It is not to be found in the New Testament, either before or after Pentecost.

We do not find it, where we might have expected to find it, in the period when Christ was still present in the flesh as the Ruler and Instructor of His Church. That period is marked by the ignorance and unbelief of the Apostles, by their quarrels, their ambition for the first places in an earthly kingdom, their intolerant spirit, by the flight of all of them in the hour of Christ’s danger, by the denials of St. Peter, by the treachery and suicide of Judas. Nor do we find it, where again we might have expected to find it, in the age immediately succeeding the completion of Christ’s work, when the Apostles, newly anointed with the Spirit, were still alive to direct and foster the Church which He had founded. That period also is marred by many disfiguring marks. Apostles can still be timeserving, can still quarrel among themselves; and they also experience what it is to be forsaken and opposed by their own disciples. Their converts, as soon as the Apostle whoestablished them in the faith is withdrawn, and sometimes even while he is still with them, become guilty of the gravest errors in conduct and belief. Witness the monstrous disorders in the Church of Corinth, the fickleness of the Galatian converts, the unchristian asceticism of the Colossian heretics, the studied immorality of those of Ephesus. The Church which was presided over by St. Timothy was the Church of Alexander, Hymenæus, and Philetus, who removed the very corner-stone of the faith by denying the Resurrection; and the Churches which were presided over by St. John contained the Nicolaitans, condemned as hateful by Jesus Christ, and Diotrephes, who repudiated the Apostle and excommunicated those who received the Apostle’s messengers. And there is much more of the same sort, as the Pastoral Epistles show us, proving that what comes to us at first as a sad surprise is of still sadder frequency, and that the Apostolic age had defects and stains at at least as serious as those which deface our own.
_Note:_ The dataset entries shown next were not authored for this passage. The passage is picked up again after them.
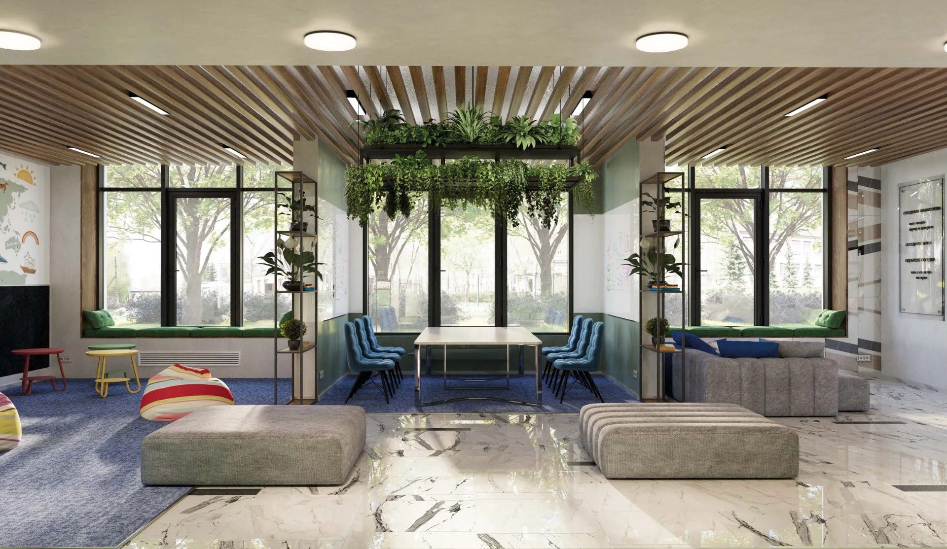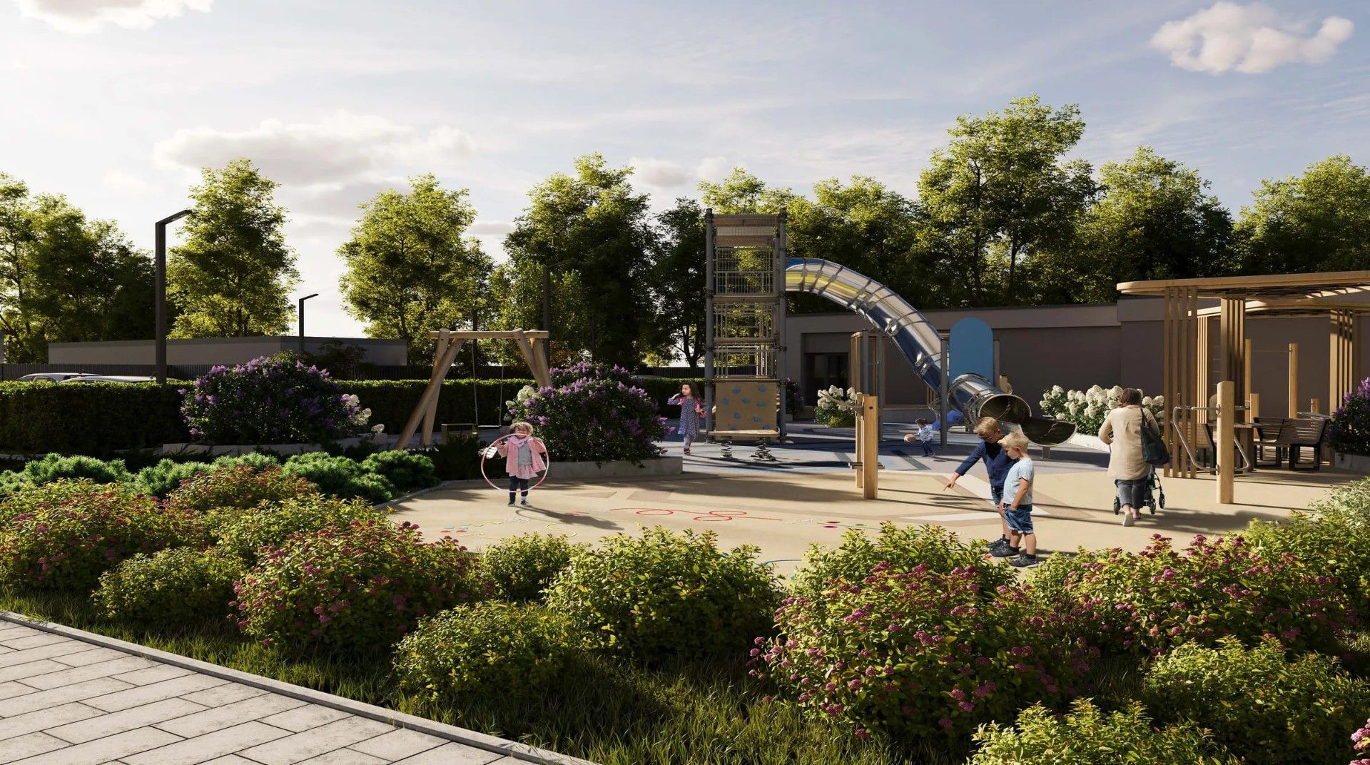 - Функциональные игровые площадки с безопасным покрытием для детей разных возрастов.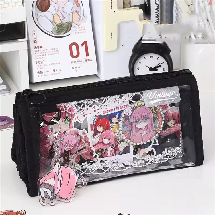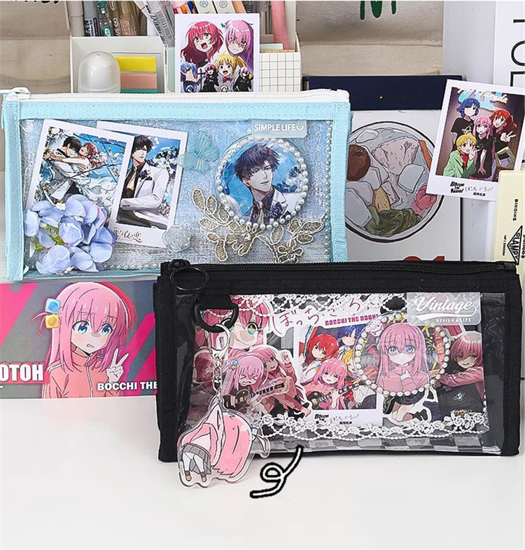 ペンケース 小学生 中学生 高校生 缶バッチ テスト 試験 筆入れ ポーチ かわいい バッジ入れ 通学 推し 推し活 痛 バ いたば いたばっぐ ヲタ オタク 人気 かわいい 通学 透明窓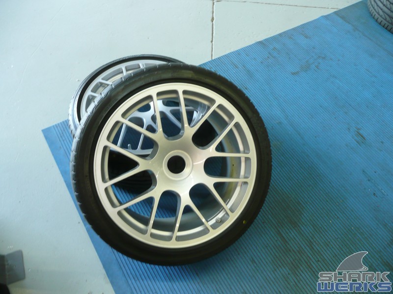 The HRE P40C's with tires/TPMS installed. You can see the extra machining done on the spokes to save weight:

The failure to find any golden age in either of these two divisions of the period covered by the New Testament ought to put us on our guard against expecting to find it in any subsequent period. And it would not be difficult to take each of the epochs in the history of the Church which have been selected as specially bright and perfect, and show that in every case, directly we pass through the hazy glow, which the imagination of later writers has thrown around such periods, and get down to solid facts, then, either the brightness and perfection are found to be illusory, or they are counter-balanced by many dark spots and disorders. The age of the martyrs is the age of the lapsed; the ages of faith are the ages of fraud; and the ages of great success are the ages of great corruption. In the first centuriesincrease of numbers was marked by increase of heresies and schisms; in the middle ages, increase of power by increase of pride. A fair comparison of the period in which our own lot has been cast with any previous period in the history of the Church will never lead to any just feeling of discouragement. Indeed it may reasonably be contended that at no era since Christianity was first founded have its prospects been so bright as at the present time.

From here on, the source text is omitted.